Leaving out every image, restate all the records word for word.

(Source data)
........
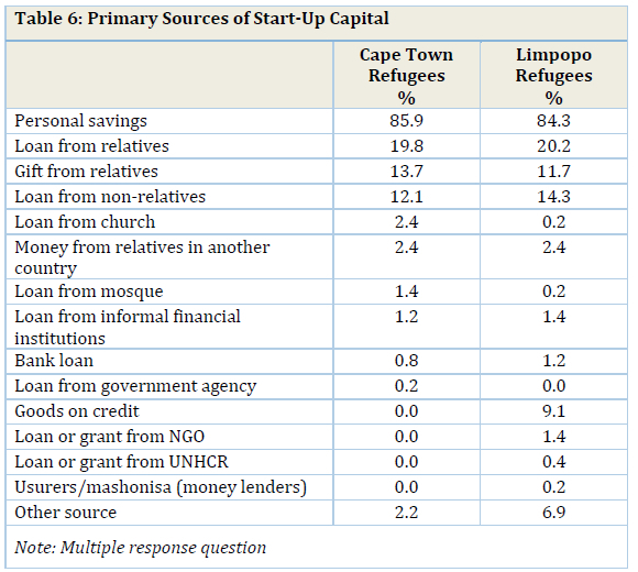 The primary sources of business start-up capital in both areas were very similar, suggesting that being in a large city does not provide additional financing opportunities (Table 6). Approximately 85% of the sampled refugees in both Cape Town and Limpopo used their personal savings to start their businesses. Around 20% of both groups used loans from relatives, 1214% used loans from non-relatives and 12% used gifts from relatives. A small number in both areas used remittances from outside the country to establish their businesses. Only a handful of refugees in both areas were able to access funding from banks, NGOs or the UNHCR. The only difference worth noting was that more entrepreneurs in Limpopo were able to access goods on credit with which to start their businesses.
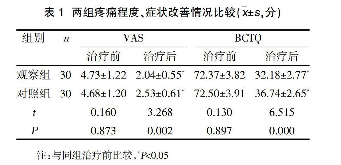 摘要:目的 探究神经松动术联合关节松动术对轻中度原发性腕管综合征(CTS)患者疼痛及症状的影响。方法 以2021年9月-2022年8月北京按摩医院收治的60例轻中度CTS患者为研究对象,按照随机数字表法分为对照组(30例)与观察组(30例)。对照组给予关节松动术治疗,观察组应用神经松动术联合关节松动术治疗,比较两组治疗前后疼痛程度[视觉模拟评分(VAS)]、症状改善情况[波士顿腕管问卷调查表(BCTQ)评分]、腕管压力(休息位、握拳位)、上肢关节功能(Fugl-Meyer上肢功能评分、Mayo腕关节功能评分)、电生理指标[正中神经感觉传导速度(SCV)、正中神经运动传导速度(MC)]。(剩余8681字)
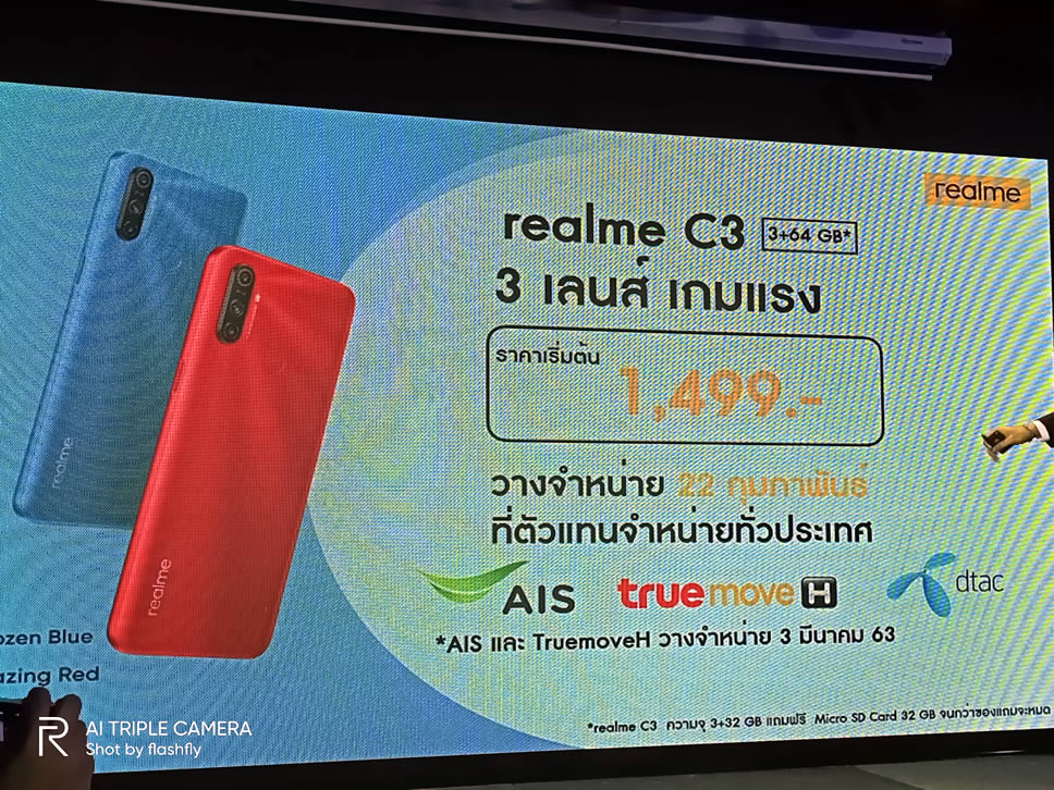 สำหรับผู้ที่สั่งซื้อ realme C3 กับผู้ให้บริการฯ AIS, TrueMove H และ Dtac มีสิทธิ์เป็นเจ้าของในราคาเริ่มต้นเพียง 1,499 บาท
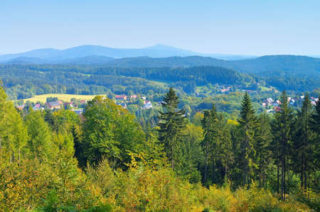 Beautiful view of a typical kneeling on the peaks in Hruby Jesenik, North Moravia, Czech Republic. Morning view of the villages of Mala Moravka and Karlov pod Pradedem. Typical Czech landscape. Green and blue.
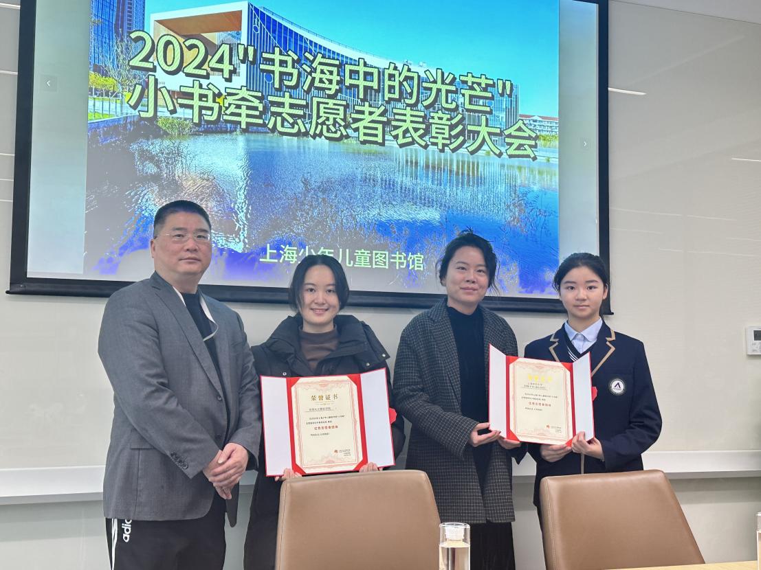 12月5日,在上海少年儿童图书馆年度志愿者表彰大会上,黄网 凭借在“小书牵”志愿服务中的卓越表现,荣获长风馆年度“优秀志愿者团体”。
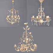 Drie witgelakte metalen kroonlampjes, modern, grootste 75 × Ø 60 cm
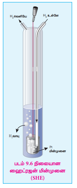 இந்த நோக்கத்திற்காக, திட்ட ஹைட்ரஜன் மின்முனையானது (SHE) நோக்கீட்டு மின்முனையாக (reference electrode) பயன்படுத்தப்படுகிறது. இதன் emf மதிப்பு தன்னிச்சையாக பூஜ்ஜியம் வோல்ட் என நிர்ணயிக்கப்பட்டது. இது, 1M HCl கரைசல் மற்றும் 1 atm ஹைட்ரஜன் வாயுவுடன் தொடர்பிலுள்ள பிளாட்டின மின்முனையை கொண்டுள்ளது. படம் 9.6 ல் காட்டியுள்ளவாறு 25oC வெப்பநிலையில் ஹைட்ரஜன் வாயுவானது கரைசலின் வழியே குமிழிகளாக செலுத்தப்படுகிறது. SHE எதிர்மின்முனையாகவும், நேர்மின்முனையாகவும் செயல்பட முடியும். அரைக் கலவினைகள் கீழே கொடுக்கப்பட்டுள்ளன.
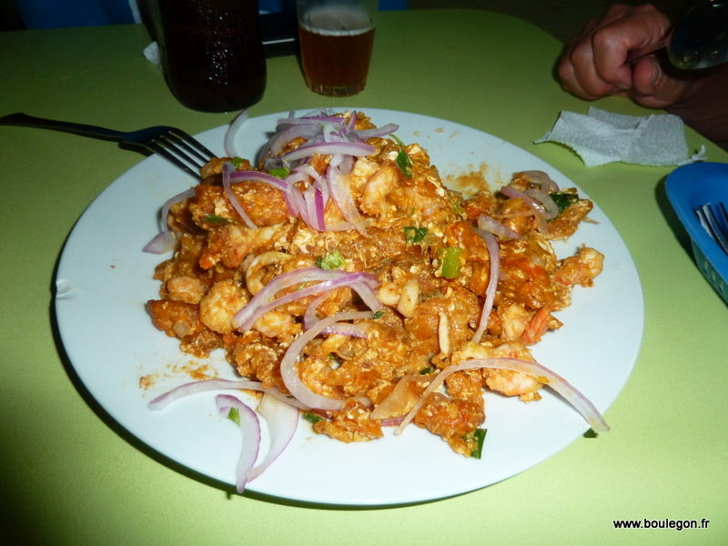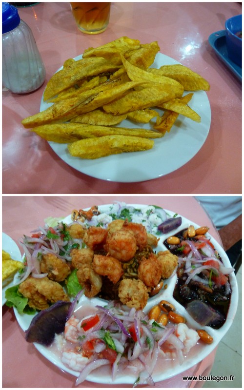Un plat typique du coin avec fruits de mer et bananes écrasées et
........
Solution -
 The primary sources of business start-up capital in both areas were very similar, suggesting that being in a large city does not provide additional financing opportunities (Table 6). Approximately 85% of the sampled refugees in both Cape Town and Limpopo used their personal savings to start their businesses. Around 20% of both groups used loans from relatives, 1214% used loans from non-relatives and 12% used gifts from relatives. A small number in both areas used remittances from outside the country to establish their businesses. Only a handful of refugees in both areas were able to access funding from banks, NGOs or the UNHCR. The only difference worth noting was that more entrepreneurs in Limpopo were able to access goods on credit with which to start their businesses.
 摘要:目的 探究神经松动术联合关节松动术对轻中度原发性腕管综合征(CTS)患者疼痛及症状的影响。方法 以2021年9月-2022年8月北京按摩医院收治的60例轻中度CTS患者为研究对象,按照随机数字表法分为对照组(30例)与观察组(30例)。对照组给予关节松动术治疗,观察组应用神经松动术联合关节松动术治疗,比较两组治疗前后疼痛程度[视觉模拟评分(VAS)]、症状改善情况[波士顿腕管问卷调查表(BCTQ)评分]、腕管压力(休息位、握拳位)、上肢关节功能(Fugl-Meyer上肢功能评分、Mayo腕关节功能评分)、电生理指标[正中神经感觉传导速度(SCV)、正中神经运动传导速度(MC)]。(剩余8681字)
 สำหรับผู้ที่สั่งซื้อ realme C3 กับผู้ให้บริการฯ AIS, TrueMove H และ Dtac มีสิทธิ์เป็นเจ้าของในราคาเริ่มต้นเพียง 1,499 บาท
 Beautiful view of a typical kneeling on the peaks in Hruby Jesenik, North Moravia, Czech Republic. Morning view of the villages of Mala Moravka and Karlov pod Pradedem. Typical Czech landscape. Green and blue.
 12月5日,在上海少年儿童图书馆年度志愿者表彰大会上,黄网 凭借在“小书牵”志愿服务中的卓越表现,荣获长风馆年度“优秀志愿者团体”。
 Drie witgelakte metalen kroonlampjes, modern, grootste 75 × Ø 60 cm
 இந்த நோக்கத்திற்காக, திட்ட ஹைட்ரஜன் மின்முனையானது (SHE) நோக்கீட்டு மின்முனையாக (reference electrode) பயன்படுத்தப்படுகிறது. இதன் emf மதிப்பு தன்னிச்சையாக பூஜ்ஜியம் வோல்ட் என நிர்ணயிக்கப்பட்டது. இது, 1M HCl கரைசல் மற்றும் 1 atm ஹைட்ரஜன் வாயுவுடன் தொடர்பிலுள்ள பிளாட்டின மின்முனையை கொண்டுள்ளது. படம் 9.6 ல் காட்டியுள்ளவாறு 25oC வெப்பநிலையில் ஹைட்ரஜன் வாயுவானது கரைசலின் வழியே குமிழிகளாக செலுத்தப்படுகிறது. SHE எதிர்மின்முனையாகவும், நேர்மின்முனையாகவும் செயல்பட முடியும். அரைக் கலவினைகள் கீழே கொடுக்கப்பட்டுள்ளன.
Un plat typique du coin avec fruits de mer et bananes écrasées et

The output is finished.